Warning: Free-tier rate limits are shared across all models. If you hit the limit with GPT-4o, you will also be rate-limited on other models. Plan your experimentation sessions accordingly, and switch to Azure for production workloads.

Integration with GitHub Copilot

GitHub Models connects directly to GitHub Copilot through the model switching feature. Copilot Pro and Enterprise users can select which underlying model powers their Copilot experience:

  • In VS Code or JetBrains, click the Copilot model selector in the status bar
  • Choose from available models like GPT-4o, Claude 3.5 Sonnet, or o1
  • The selected model is used for both inline completions and Copilot Chat
  • You can switch models mid-session based on your current task

This means the models you test in the GitHub Models playground are the same models you can use directly in your coding workflow through Copilot.

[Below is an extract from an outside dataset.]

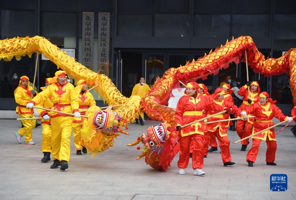 1月14日,在海淀北部文化中心外,居民在表演舞龍。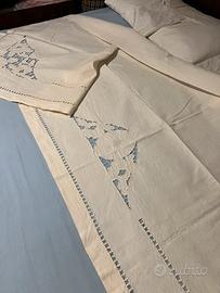 Dimensioni traversa letto matrimoniale 84 x 240 cm Dimensioni per federe 50 x 79 cm Traversa e federe del 1925 fatte a mano. Preferibile spedizione a meno.

Test a model's strengths in the playground, then select it in Copilot for your daily work.

Key takeaway: Use the GitHub Models playground to evaluate models for your specific use cases, then set your preferred model in Copilot for day-to-day coding. Switch to reasoning models like o1 when tackling complex algorithmic problems, and use faster models like GPT-4o mini for routine tasks.